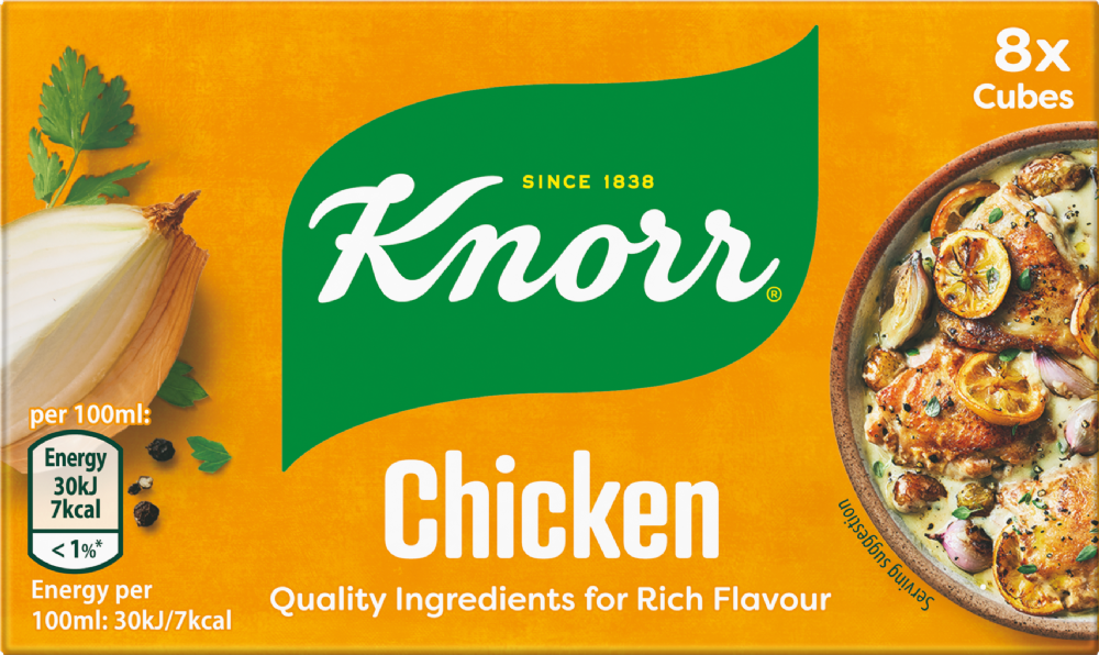 Next time you cook chicken, try adding a Knorr Chicken Stock Cube. Made with carefully selected herbs and spices, it will enhance the natural flavour of your fresh ingredients. For a tasty twist, add to soups, stews, risottos and more.
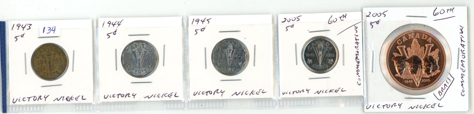 1943 Victory Nickels (brass) AND 1944,1945 and 2005(60th anniversary) and 2005 Large copper and 60th anniversary
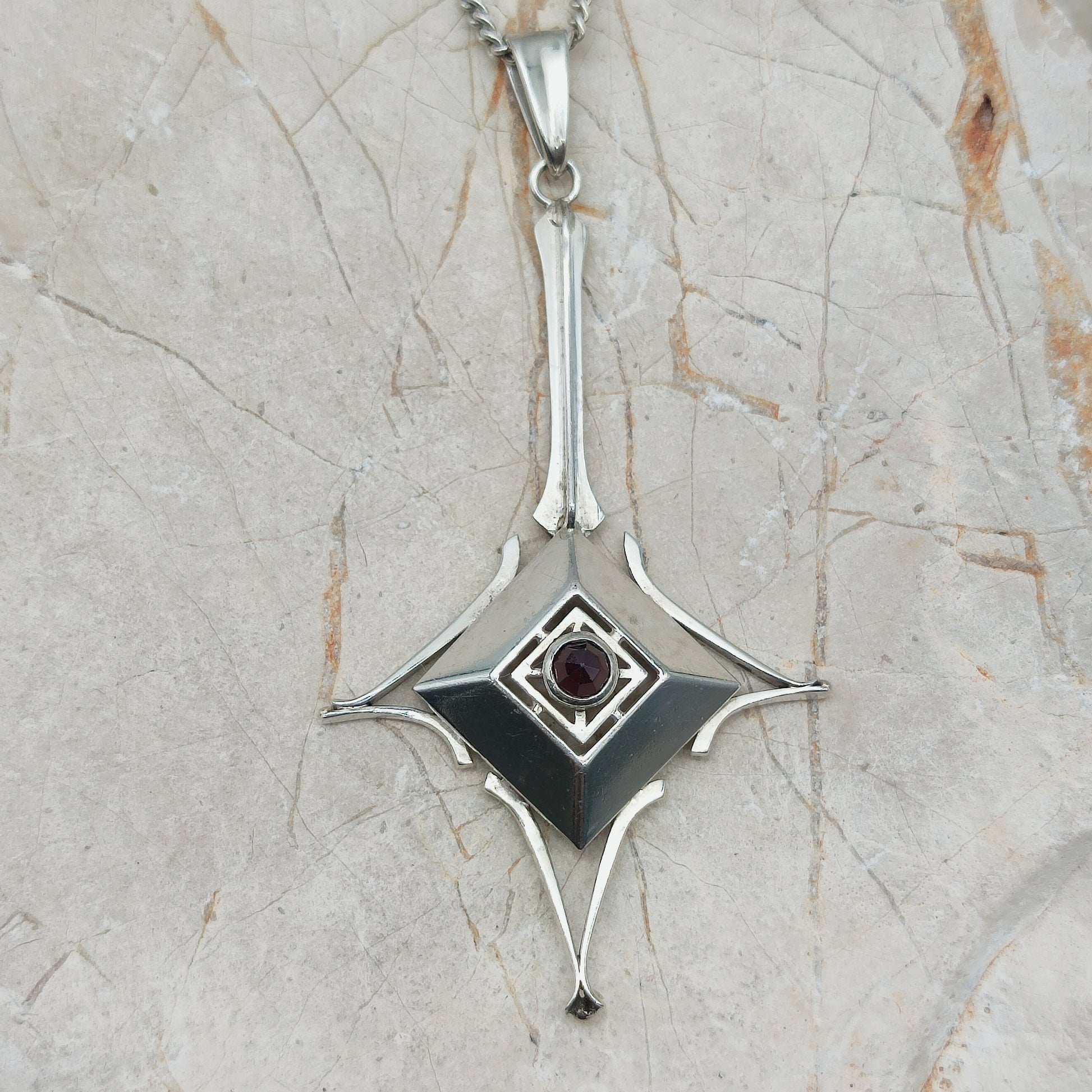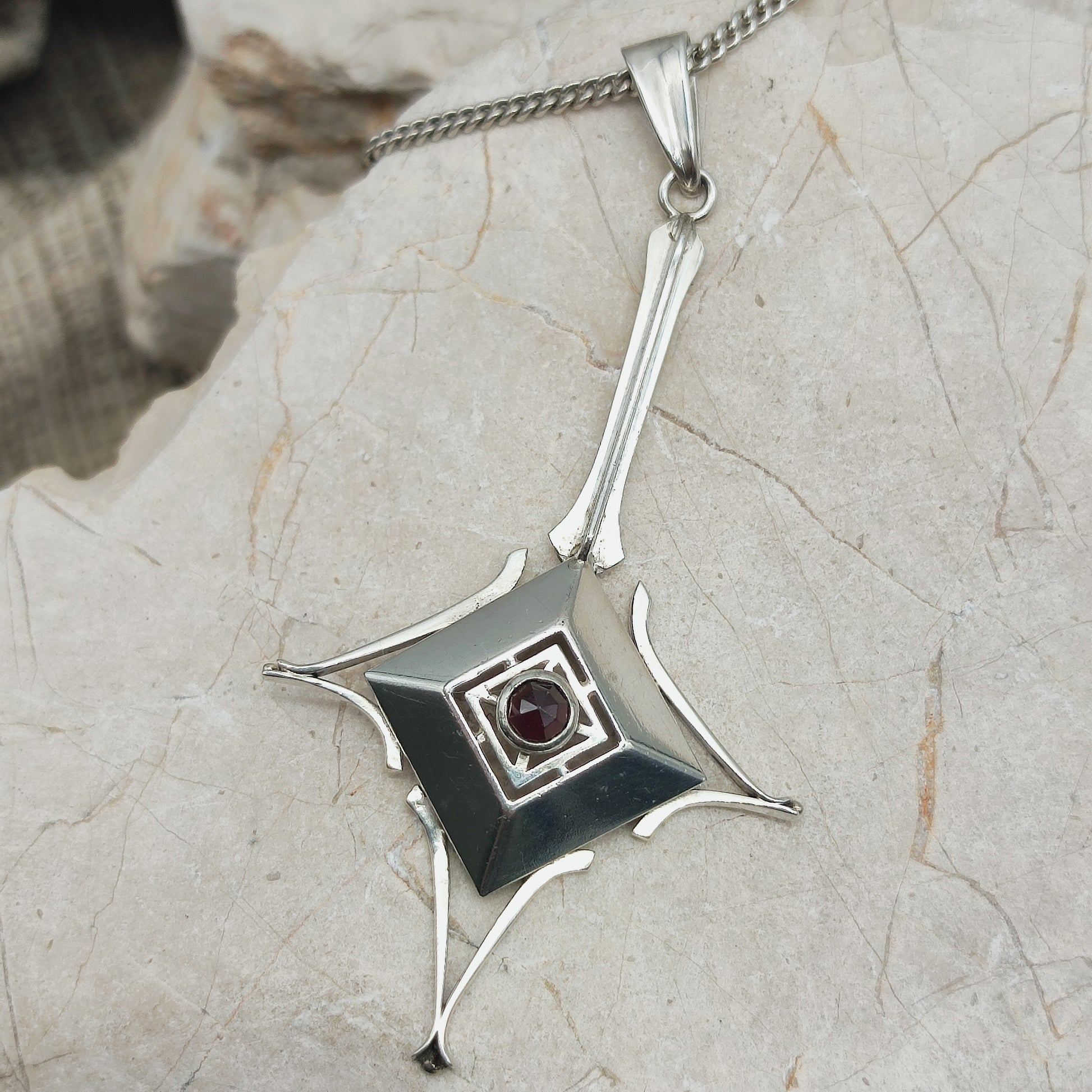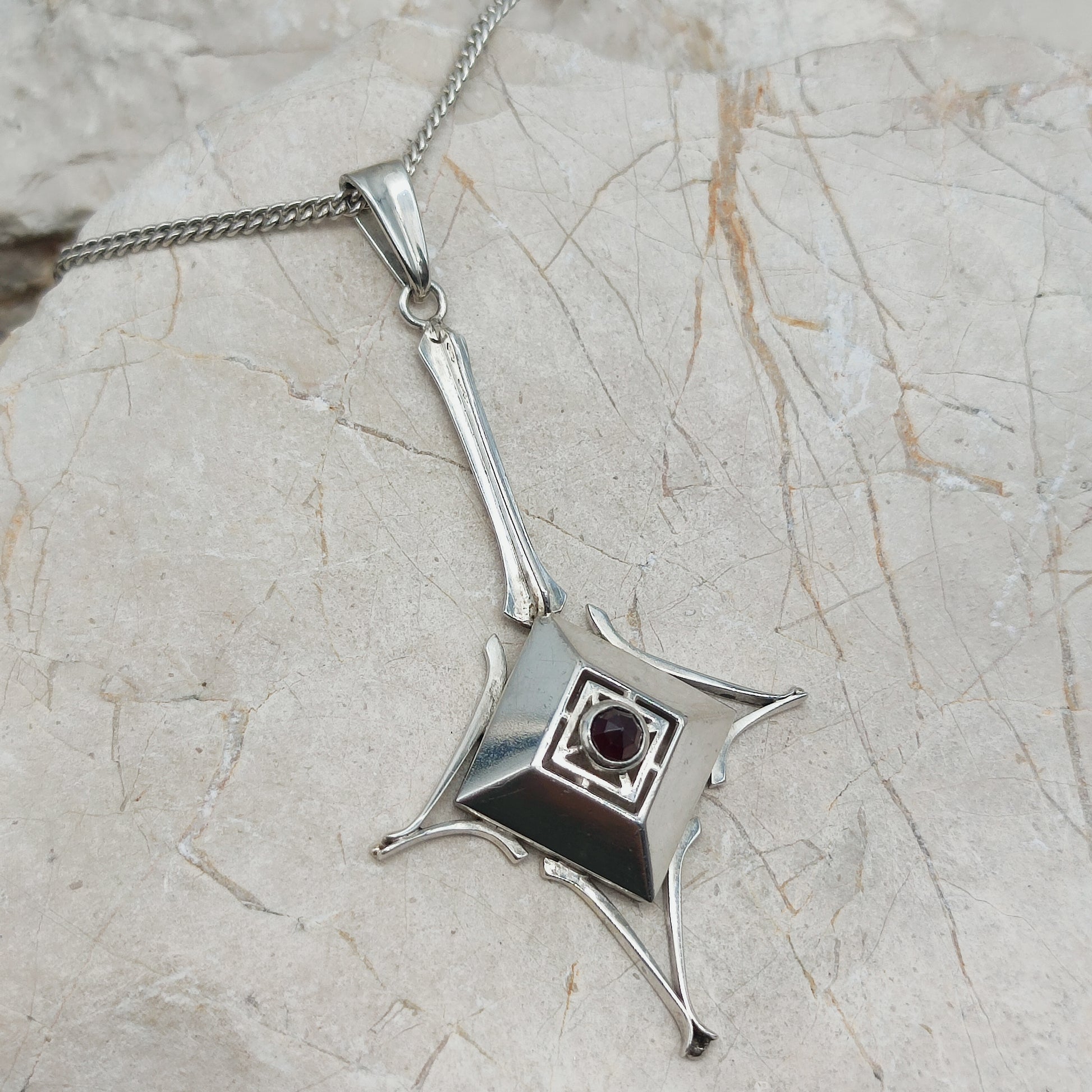 Dutch silver pendant with garnet Art Deco inspired 1970s
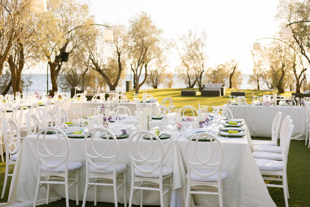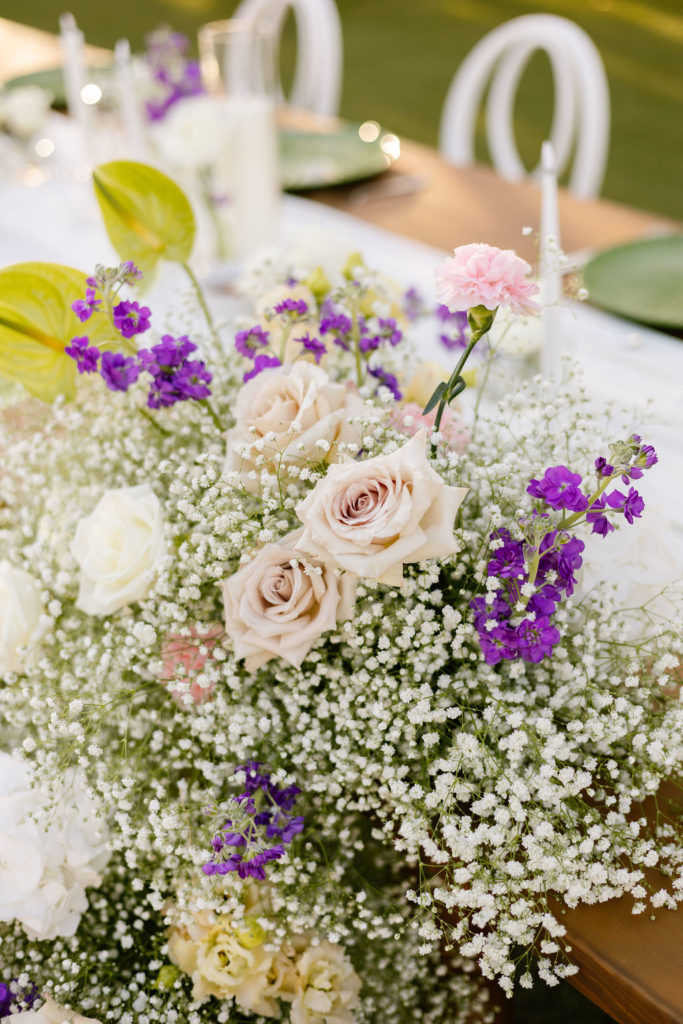Beneath a sapphire sky and the sighing sea, white roses bloom with lavender whispers, and love glows in the glow of candlelight. Salt-kissed vows drift over emerald chargers as the breeze carries joy along the flower-adorned terraces.
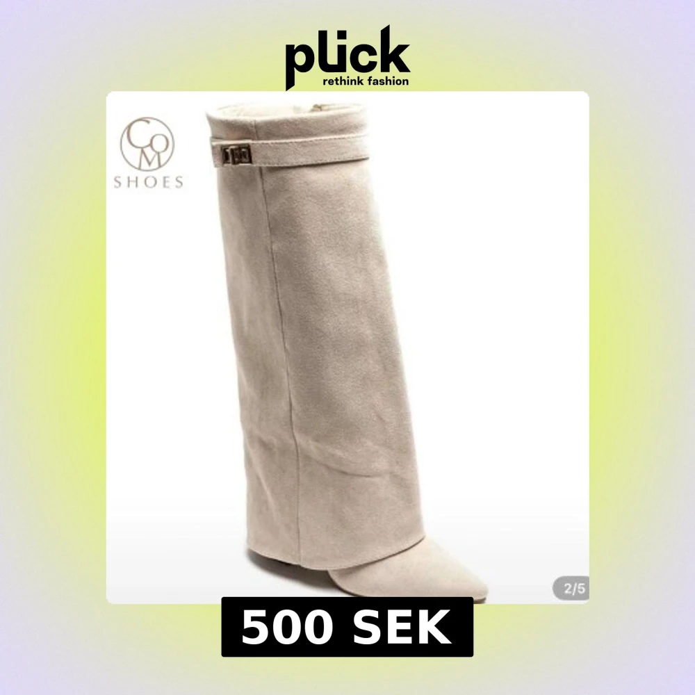 Säljer ett par trendiga beige i mjuk mocka. De har en spetsig tå, platt sula och dekorativt spänne upptill. Stövlarna har dragkedja på insidan för enkel påtagning. De är fodrade inuti så perfekt inför höst/vinter/vår🍁
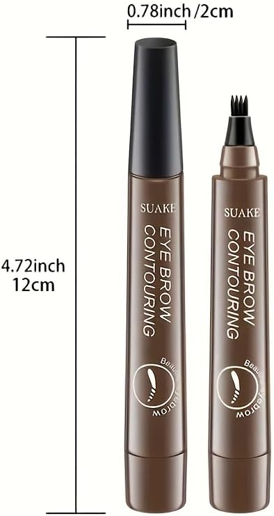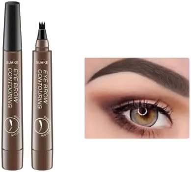 قلم حواجب سائل مقاوم للماء، يدوم طويلاً، لون بني داكن مكياج نسائي بأربعة رؤوس

#### TASK DETAILS:
Reproduce every record verbatim, please. Omit the images.

#### EXERCISE ANSWER:
 Next time you cook chicken, try adding a Knorr Chicken Stock Cube. Made with carefully selected herbs and spices, it will enhance the natural flavour of your fresh ingredients. For a tasty twist, add to soups, stews, risottos and more.
 1943 Victory Nickels (brass) AND 1944,1945 and 2005(60th anniversary) and 2005 Large copper and 60th anniversary
 Dutch silver pendant with garnet Art Deco inspired 1970s
Beneath a sapphire sky and the sighing sea, white roses bloom with lavender whispers, and love glows in the glow of candlelight. Salt-kissed vows drift over emerald chargers as the breeze carries joy along the flower-adorned terraces.
 Säljer ett par trendiga beige i mjuk mocka. De har en spetsig tå, platt sula och dekorativt spänne upptill. Stövlarna har dragkedja på insidan för enkel påtagning. De är fodrade inuti så perfekt inför höst/vinter/vår🍁
 قلم حواجب سائل مقاوم للماء، يدوم طويلاً، لون بني داكن مكياج نسائي بأربعة رؤوس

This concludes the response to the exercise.